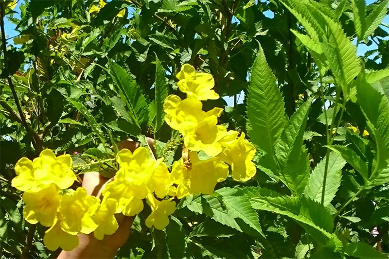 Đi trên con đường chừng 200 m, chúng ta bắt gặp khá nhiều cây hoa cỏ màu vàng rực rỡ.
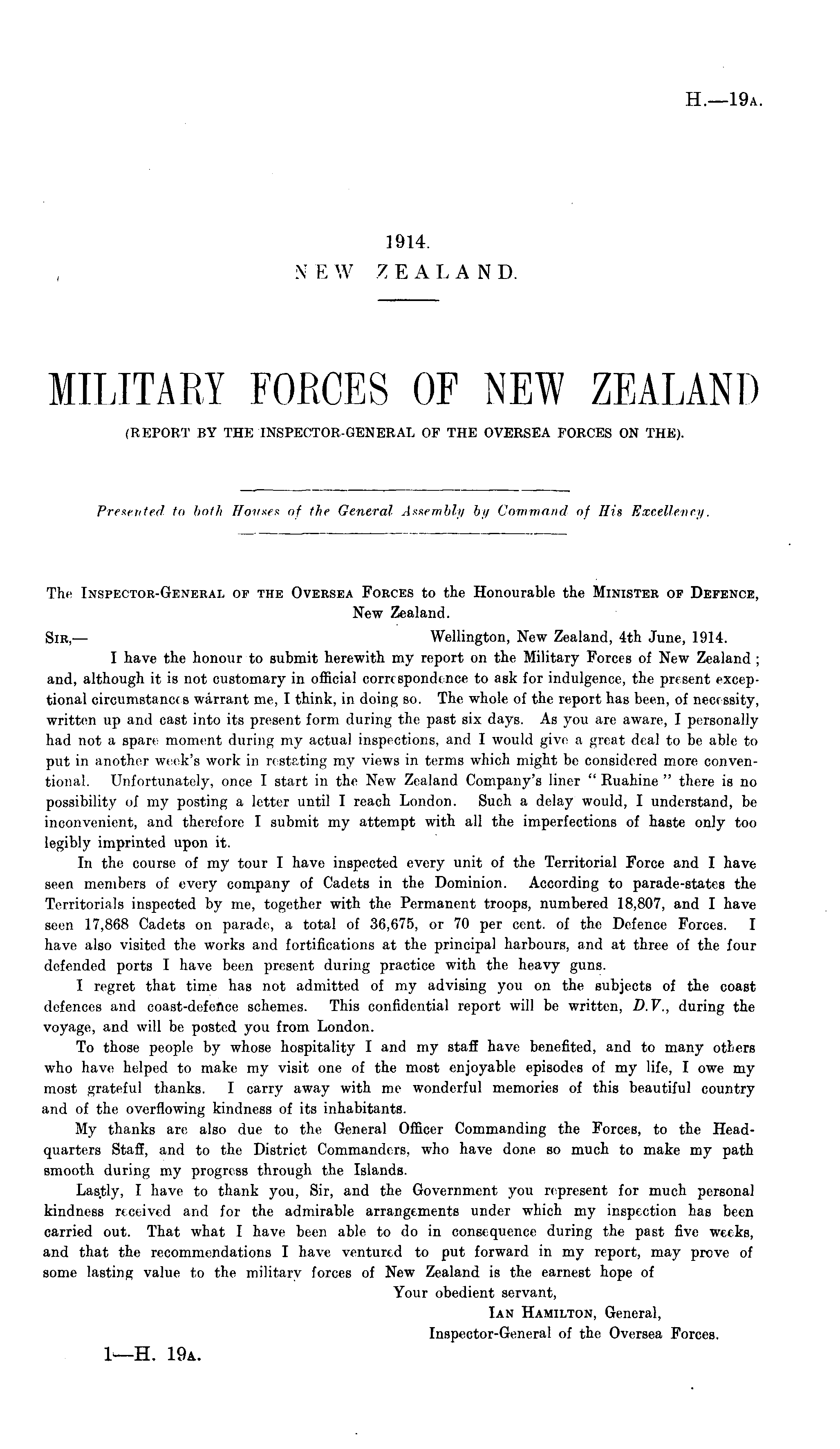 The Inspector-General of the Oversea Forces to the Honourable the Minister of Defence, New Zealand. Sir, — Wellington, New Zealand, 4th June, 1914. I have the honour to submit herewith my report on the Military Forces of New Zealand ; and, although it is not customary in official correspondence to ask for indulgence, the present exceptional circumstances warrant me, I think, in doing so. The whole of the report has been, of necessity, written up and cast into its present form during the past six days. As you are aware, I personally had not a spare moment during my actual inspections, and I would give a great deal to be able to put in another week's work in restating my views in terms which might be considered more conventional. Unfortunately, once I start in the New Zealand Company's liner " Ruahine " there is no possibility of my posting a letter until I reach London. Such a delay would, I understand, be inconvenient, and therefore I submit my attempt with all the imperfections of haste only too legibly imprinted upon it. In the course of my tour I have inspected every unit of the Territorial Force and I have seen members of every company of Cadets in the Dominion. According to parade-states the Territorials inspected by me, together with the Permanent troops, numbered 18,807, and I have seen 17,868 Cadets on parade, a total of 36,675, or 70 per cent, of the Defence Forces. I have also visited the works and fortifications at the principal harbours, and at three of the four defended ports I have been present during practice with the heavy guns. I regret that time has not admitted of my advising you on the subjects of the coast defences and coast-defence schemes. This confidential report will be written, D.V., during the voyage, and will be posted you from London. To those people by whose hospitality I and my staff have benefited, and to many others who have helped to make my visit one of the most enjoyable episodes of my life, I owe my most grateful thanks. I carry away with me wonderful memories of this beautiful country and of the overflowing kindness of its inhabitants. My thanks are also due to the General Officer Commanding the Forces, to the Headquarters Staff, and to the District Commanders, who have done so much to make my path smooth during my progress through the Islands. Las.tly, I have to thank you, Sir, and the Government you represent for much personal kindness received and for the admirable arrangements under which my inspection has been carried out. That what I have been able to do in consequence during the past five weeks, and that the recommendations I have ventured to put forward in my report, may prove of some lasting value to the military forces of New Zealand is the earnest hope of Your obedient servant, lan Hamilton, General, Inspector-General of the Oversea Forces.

* * *

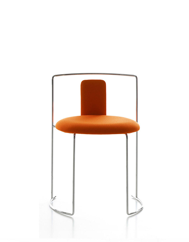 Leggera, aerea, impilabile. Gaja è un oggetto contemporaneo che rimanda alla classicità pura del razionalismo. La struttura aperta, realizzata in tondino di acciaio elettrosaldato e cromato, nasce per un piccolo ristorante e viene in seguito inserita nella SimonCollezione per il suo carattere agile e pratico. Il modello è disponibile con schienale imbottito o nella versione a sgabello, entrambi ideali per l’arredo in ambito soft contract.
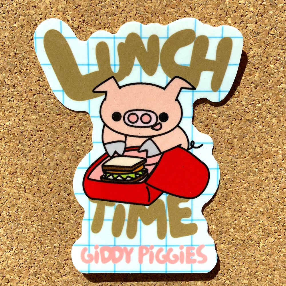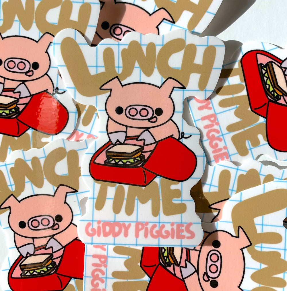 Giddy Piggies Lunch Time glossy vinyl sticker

WORK REQUEST: Nothing but the lines above, starting at the line that contains "Leggera, aerea, impilabile." and ending at the line that contains "Giddy Piggies Lunch", should be given again, exactly and without the pictures.

WRITTEN REPLY:
 Leggera, aerea, impilabile. Gaja è un oggetto contemporaneo che rimanda alla classicità pura del razionalismo. La struttura aperta, realizzata in tondino di acciaio elettrosaldato e cromato, nasce per un piccolo ristorante e viene in seguito inserita nella SimonCollezione per il suo carattere agile e pratico. Il modello è disponibile con schienale imbottito o nella versione a sgabello, entrambi ideali per l’arredo in ambito soft contract.
 Giddy Piggies Lunch Time glossy vinyl sticker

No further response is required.